FIGS. 1 to 3 relate to Embodiment 1 of the present invention. FIG. 1 is a diagram showing the overall configuration of the air conditioner, and FIG. 2 is a side schematically showing the internal configuration of the indoor unit of the air conditioner. FIG. 3 is a block diagram showing a configuration of a control system of the air conditioner.

  As shown in FIG. 1, the air conditioner includes an indoor unit 10 and an outdoor unit 20. The indoor unit 10 is installed inside a room that is subject to air conditioning. The outdoor unit 20 is installed outside the room. The indoor unit 10 includes an indoor unit heat exchanger 11 and an indoor unit fan 12. The outdoor unit 20 includes an outdoor unit heat exchanger 21 and an outdoor unit fan 22. The indoor unit 10 and the outdoor unit 20 are connected by a refrigerant pipe 23. The refrigerant pipe 23 is circulated between the indoor unit heat exchanger 11 and the outdoor unit heat exchanger 21. A refrigerant is sealed in the refrigerant pipe 23.

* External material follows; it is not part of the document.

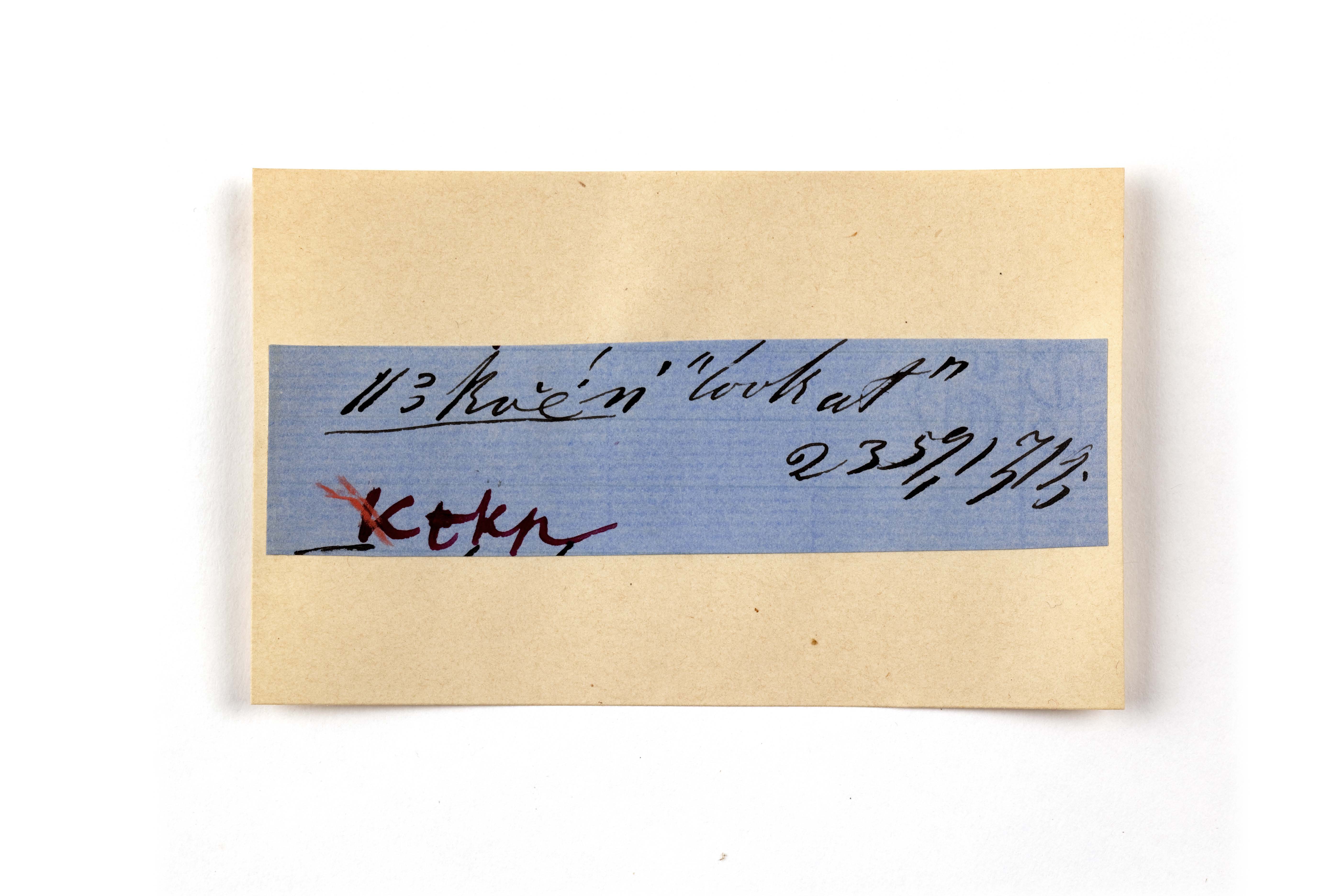 ink on blue paper glued on card

  From the viewpoint of protecting the global environment, it is desirable to use a refrigerant with a small global warming potential (GWP) as the refrigerant sealed in the refrigerant pipe 23. Moreover, the refrigerant | coolant enclosed in the refrigerant | coolant piping 23 is combustible. This refrigerant has a higher average molecular weight than air. That is, the refrigerant has a higher density than air and is heavier than air at atmospheric pressure. Therefore, the refrigerant has the property of sinking downward in the direction of gravity in the air.

  Specific examples of such a refrigerant include tetrafluoropropene (CF3CF = CH2: HFO-1234yf), difluoromethane (CH2F2: R32), propane (R290), propylene (R1270), ethane (R170), and butane (R600). ), Isobutane (R600a), 1.1.1.2-tetrafluoroethane (C2H2F4: R134a), pentafluoroethane (C2HF5: R125), 1.3.3.3-tetrafluoro-1-propene (CF3- (CH = CHF: HFO-1234ze) etc. (mixed) refrigerant | coolant which consists of 1 or more refrigerant | coolants chosen from etc. can be used.

  The refrigerant pipe 23 on one side of the refrigerant circulation path between the indoor unit heat exchanger 11 and the outdoor unit heat exchanger 21 is provided with a compressor 25 via a four-way valve 24. The compressor 25 is a device that compresses the supplied refrigerant to increase the pressure and temperature of the refrigerant. As the compressor 25, for example, a rotary compressor or a scroll compressor can be used. An expansion valve 26 is provided in the refrigerant pipe 23 on the other side of the circulation path. The expansion valve 26 expands the flowing refrigerant and reduces the pressure of the refrigerant. The four-way valve 24, the compressor 25, and the expansion valve 26 are provided in the outdoor unit 20.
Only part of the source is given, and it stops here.